Work required => Locate the line bearing "Na het museumbezoek een ijsje!" in the material below, then reproduce it and each following line up to and including the line bearing "Various demonstrations showcasing".

Records provided =>
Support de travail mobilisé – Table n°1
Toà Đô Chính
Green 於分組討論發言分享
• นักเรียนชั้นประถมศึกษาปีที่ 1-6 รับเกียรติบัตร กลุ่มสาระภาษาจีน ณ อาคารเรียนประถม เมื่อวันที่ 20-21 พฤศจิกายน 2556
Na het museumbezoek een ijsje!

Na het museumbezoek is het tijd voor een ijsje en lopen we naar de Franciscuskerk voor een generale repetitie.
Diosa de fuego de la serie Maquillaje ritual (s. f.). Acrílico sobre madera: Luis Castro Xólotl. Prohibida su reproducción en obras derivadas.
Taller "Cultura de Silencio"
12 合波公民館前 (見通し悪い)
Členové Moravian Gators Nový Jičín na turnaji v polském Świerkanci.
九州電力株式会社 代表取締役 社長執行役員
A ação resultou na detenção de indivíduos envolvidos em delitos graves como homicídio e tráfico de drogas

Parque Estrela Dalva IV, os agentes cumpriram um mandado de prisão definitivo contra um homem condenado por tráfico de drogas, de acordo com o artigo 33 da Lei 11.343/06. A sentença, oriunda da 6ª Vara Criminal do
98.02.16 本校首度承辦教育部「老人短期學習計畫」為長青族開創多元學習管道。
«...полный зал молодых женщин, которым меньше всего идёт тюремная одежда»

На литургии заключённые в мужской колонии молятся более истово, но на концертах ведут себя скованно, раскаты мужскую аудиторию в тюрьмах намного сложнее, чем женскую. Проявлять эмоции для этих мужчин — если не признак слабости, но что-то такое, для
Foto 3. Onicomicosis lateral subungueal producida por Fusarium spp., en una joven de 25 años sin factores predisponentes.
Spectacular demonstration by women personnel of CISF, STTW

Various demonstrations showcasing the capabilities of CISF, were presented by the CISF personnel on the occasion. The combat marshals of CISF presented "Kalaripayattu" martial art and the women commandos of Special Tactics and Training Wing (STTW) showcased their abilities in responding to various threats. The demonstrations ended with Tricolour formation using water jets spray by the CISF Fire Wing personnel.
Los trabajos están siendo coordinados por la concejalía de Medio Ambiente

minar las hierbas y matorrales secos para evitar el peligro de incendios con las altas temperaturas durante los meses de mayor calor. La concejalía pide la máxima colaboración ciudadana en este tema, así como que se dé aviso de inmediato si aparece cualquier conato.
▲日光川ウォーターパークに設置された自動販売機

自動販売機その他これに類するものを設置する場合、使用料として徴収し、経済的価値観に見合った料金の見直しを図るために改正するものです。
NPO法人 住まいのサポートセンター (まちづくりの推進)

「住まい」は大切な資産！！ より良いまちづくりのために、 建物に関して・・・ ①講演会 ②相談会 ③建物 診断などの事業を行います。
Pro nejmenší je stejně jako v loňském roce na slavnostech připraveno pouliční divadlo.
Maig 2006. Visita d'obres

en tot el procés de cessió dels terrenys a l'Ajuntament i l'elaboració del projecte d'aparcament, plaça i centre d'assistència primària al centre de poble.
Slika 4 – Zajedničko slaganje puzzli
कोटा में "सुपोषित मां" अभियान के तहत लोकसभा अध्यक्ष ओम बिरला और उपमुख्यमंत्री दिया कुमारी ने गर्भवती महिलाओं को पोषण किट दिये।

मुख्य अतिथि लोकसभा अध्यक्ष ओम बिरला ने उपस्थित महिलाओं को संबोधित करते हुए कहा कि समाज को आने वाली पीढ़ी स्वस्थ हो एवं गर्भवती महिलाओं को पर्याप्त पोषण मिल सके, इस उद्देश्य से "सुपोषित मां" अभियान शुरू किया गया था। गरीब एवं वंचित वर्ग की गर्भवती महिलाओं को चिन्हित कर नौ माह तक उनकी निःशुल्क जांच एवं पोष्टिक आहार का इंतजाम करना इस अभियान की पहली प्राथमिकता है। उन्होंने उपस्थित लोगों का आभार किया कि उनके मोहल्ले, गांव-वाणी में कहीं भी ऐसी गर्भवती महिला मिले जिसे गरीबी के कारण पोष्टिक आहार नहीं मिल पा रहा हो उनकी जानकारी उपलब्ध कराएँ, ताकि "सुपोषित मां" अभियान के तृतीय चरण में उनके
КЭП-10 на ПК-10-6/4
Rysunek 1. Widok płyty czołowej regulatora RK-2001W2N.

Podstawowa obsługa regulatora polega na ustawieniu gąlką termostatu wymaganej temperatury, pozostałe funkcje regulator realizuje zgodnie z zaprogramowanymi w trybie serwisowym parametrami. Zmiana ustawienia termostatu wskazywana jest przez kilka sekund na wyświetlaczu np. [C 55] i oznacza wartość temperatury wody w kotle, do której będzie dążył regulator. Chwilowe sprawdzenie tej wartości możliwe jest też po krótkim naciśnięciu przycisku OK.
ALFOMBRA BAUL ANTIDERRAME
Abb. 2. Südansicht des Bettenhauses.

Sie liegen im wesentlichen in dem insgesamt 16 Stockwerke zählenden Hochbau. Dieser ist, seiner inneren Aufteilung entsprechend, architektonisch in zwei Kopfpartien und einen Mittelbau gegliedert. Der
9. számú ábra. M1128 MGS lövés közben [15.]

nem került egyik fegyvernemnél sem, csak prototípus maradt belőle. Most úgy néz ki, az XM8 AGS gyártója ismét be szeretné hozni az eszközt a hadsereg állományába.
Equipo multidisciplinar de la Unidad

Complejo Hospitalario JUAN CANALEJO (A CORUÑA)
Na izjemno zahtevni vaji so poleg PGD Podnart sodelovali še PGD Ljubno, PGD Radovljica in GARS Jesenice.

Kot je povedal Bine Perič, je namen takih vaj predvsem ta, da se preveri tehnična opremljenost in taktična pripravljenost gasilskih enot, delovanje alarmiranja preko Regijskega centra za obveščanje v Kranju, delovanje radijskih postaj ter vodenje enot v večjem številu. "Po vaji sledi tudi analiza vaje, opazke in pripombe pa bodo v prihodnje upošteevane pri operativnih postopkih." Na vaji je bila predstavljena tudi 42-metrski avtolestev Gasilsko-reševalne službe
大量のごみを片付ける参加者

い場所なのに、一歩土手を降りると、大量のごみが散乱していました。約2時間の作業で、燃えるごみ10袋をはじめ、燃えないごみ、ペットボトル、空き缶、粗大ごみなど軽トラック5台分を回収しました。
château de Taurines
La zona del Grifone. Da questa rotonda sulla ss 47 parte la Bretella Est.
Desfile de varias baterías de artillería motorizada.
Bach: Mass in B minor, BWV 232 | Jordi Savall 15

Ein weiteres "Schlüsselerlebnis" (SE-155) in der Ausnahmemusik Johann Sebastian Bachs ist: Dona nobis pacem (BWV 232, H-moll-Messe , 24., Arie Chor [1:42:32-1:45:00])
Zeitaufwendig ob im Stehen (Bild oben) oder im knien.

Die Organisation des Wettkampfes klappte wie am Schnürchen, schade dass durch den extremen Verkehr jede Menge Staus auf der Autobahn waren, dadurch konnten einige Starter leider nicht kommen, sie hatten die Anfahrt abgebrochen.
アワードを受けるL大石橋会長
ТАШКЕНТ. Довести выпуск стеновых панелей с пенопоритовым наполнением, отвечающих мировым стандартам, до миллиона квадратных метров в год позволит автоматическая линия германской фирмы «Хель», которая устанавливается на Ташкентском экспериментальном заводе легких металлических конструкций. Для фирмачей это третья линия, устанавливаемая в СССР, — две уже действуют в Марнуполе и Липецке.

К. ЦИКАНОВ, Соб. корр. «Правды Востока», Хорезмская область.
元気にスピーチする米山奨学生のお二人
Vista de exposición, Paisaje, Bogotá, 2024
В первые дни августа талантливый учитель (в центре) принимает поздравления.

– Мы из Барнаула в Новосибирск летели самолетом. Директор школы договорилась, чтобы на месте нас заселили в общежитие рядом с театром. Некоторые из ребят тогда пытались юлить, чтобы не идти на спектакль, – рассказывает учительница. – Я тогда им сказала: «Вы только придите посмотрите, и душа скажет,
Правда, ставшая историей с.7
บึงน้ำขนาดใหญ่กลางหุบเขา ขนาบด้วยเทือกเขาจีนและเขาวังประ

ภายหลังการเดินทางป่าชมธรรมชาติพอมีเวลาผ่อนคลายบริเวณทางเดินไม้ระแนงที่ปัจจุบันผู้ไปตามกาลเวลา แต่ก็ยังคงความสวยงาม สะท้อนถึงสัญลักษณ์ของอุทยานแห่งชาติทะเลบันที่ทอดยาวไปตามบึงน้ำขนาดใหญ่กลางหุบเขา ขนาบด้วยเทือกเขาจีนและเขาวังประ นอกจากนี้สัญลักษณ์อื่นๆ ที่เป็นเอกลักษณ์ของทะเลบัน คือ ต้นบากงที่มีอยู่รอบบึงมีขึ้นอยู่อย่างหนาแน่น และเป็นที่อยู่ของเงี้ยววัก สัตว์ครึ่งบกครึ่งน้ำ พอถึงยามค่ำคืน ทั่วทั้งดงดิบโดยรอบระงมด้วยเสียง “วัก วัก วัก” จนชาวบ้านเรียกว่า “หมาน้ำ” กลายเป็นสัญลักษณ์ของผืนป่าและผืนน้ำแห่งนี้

Task solution =>
Na het museumbezoek een ijsje!

Na het museumbezoek is het tijd voor een ijsje en lopen we naar de Franciscuskerk voor een generale repetitie.
Diosa de fuego de la serie Maquillaje ritual (s. f.). Acrílico sobre madera: Luis Castro Xólotl. Prohibida su reproducción en obras derivadas.
Taller "Cultura de Silencio"
12 合波公民館前 (見通し悪い)
Členové Moravian Gators Nový Jičín na turnaji v polském Świerkanci.
九州電力株式会社 代表取締役 社長執行役員
A ação resultou na detenção de indivíduos envolvidos em delitos graves como homicídio e tráfico de drogas

Parque Estrela Dalva IV, os agentes cumpriram um mandado de prisão definitivo contra um homem condenado por tráfico de drogas, de acordo com o artigo 33 da Lei 11.343/06. A sentença, oriunda da 6ª Vara Criminal do
98.02.16 本校首度承辦教育部「老人短期學習計畫」為長青族開創多元學習管道。
«...полный зал молодых женщин, которым меньше всего идёт тюремная одежда»

На литургии заключённые в мужской колонии молятся более истово, но на концертах ведут себя скованно, раскаты мужскую аудиторию в тюрьмах намного сложнее, чем женскую. Проявлять эмоции для этих мужчин — если не признак слабости, но что-то такое, для
Foto 3. Onicomicosis lateral subungueal producida por Fusarium spp., en una joven de 25 años sin factores predisponentes.
Spectacular demonstration by women personnel of CISF, STTW

Various demonstrations showcasing the capabilities of CISF, were presented by the CISF personnel on the occasion. The combat marshals of CISF presented "Kalaripayattu" martial art and the women commandos of Special Tactics and Training Wing (STTW) showcased their abilities in responding to various threats. The demonstrations ended with Tricolour formation using water jets spray by the CISF Fire Wing personnel.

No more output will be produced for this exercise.